Google Gemma 7B and 2B LLM models are now available to developers as OSS on Hugging Face
On 21st Feb 2024 Google open sourced the Gemma 7B and 2B LLM models to Hugging Face as OSS.
I did some quick testing on these 2 models (10G and 32G ram required) on various hardware configurations below using the GGUF format.
See announcements in the Google Developers Blog
Gemma: Introducing new state-of-the-art open models
and the Google Gemma and Google DeepMind Team’s research report
https://storage.googleapis.com/deepmind-media/gemma/gemma-report.pdf
This open sourcing of the Google Gemma LLM model is extremely good news for the developer community we are a part of. They join the existing ecosystem of available models provided by Hugging Face.
The GGUF model runs on the llama.cpp engine by default.
See a previous article https://medium.com/@obrienlabs/running-the-70b-llama-2-llm-locally-on-metal-via-llama-cpp-on-mac-studio-m2-ultra-32b3179e9cbe on setting up your CPU, GPU or shared memory Apple Silicon environment as a proxy to CSP use like the L4 on Google Cloud.
The model was trained on the latest generation of Google TPU hardware — the TPUv5e.
Running the gemma 2B and 7B on local hardware
On Apple Silicon
Make sure to get or pull the latest version (post 20240222:0300UTC) of llama.cpp to get gemma model support
(Thank you to the early adopters on the github issue below — when I searched on a segment fault running a week old version of llama.cpp)
https://github.com/abetlen/llama-cpp-python/issues/1207
from
https://github.com/ggerganov/llama.cpp
llama.cpp % ./main -m models/gemma-2b.gguf -p “Describe how gold is made in colliding neutron stars” -n 2000 -e — color
llm_load_tensors: offloading 18 repeating layers to GPU
llm_load_tensors: offloading non-repeating layers to GPU
llm_load_tensors: offloaded 19/19 layers to GPU
llm_load_tensors: Metal buffer size = 9561.30 MiB
llm_load_tensors: CPU buffer size = 2001.00 MiB
ggml_backend_metal_buffer_type_alloc_buffer: allocated buffer, size = 508.25 MiB, (10080.44 / 21845.34)
llama_print_timings: eval time = 14966.81 ms / 472 runs ( 31.71 ms per token, 31.54 tokens per second)
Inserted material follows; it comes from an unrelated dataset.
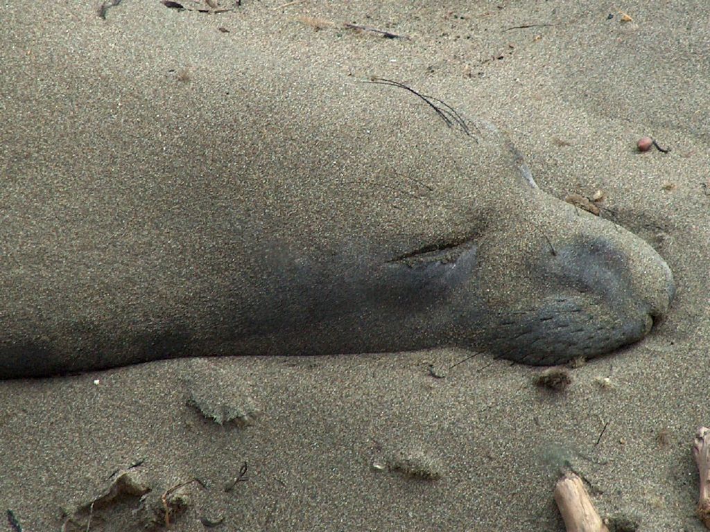 A gentle smell, reminiscent of liver, wafts up from the beach at Piedras Blancas where hundreds of Elephant Seals have hauled out to moult. They lie higgledy-piggledy, curved around and against each other, their moulted fur littering the sand. They are masters of the art of total relaxation, whiling away time in a semi comatose state only rousing themselves to flipper sand onto their own backs and into their neighbours faces. As all young children know, rule number one on the beach is No Throwing Sand, but the seals are oblivious to this and impervious to face fulls of sand, flipper or tail. Notions of personal space do not exist in this intensely gregarious colony. Stirred from their slumbers, individual seals occasionally set off across the beach in a surprising burst of energy, travelling over and through groups of their cousins, before just as suddenly grounding to a complete halt and resuming their dead beast impersonations. Others lie dozing with one flipper held up in the air, the little nailed tips curved over, the strain of keeping that last inch vertical just too much effort. A few immature bulls remain with the colony, honing their skills in the posturing department, raising their huge bodies to full height and generally making sure everyone knows they are there while the sound of snotty snores emanating from the slumbering majority continues in the background.

On Windows on i9–13900KS or RTX-A6000+
C:/wse_github/llama.cpp $ ./main.exe -m g:/models/gemma-7b.gguf -p "what portion of gold is made in exploding stars" -n 2000 -e --color -t 24
llm_load_print_meta: model size = 31.81 GiB (32.00 BPW)
llama_print_timings: eval time = 412311.19 ms / 1029 runs ( 400.69 ms per token, 2.50 tokens per second)
I look forward to working with the ML developer community on these additional models.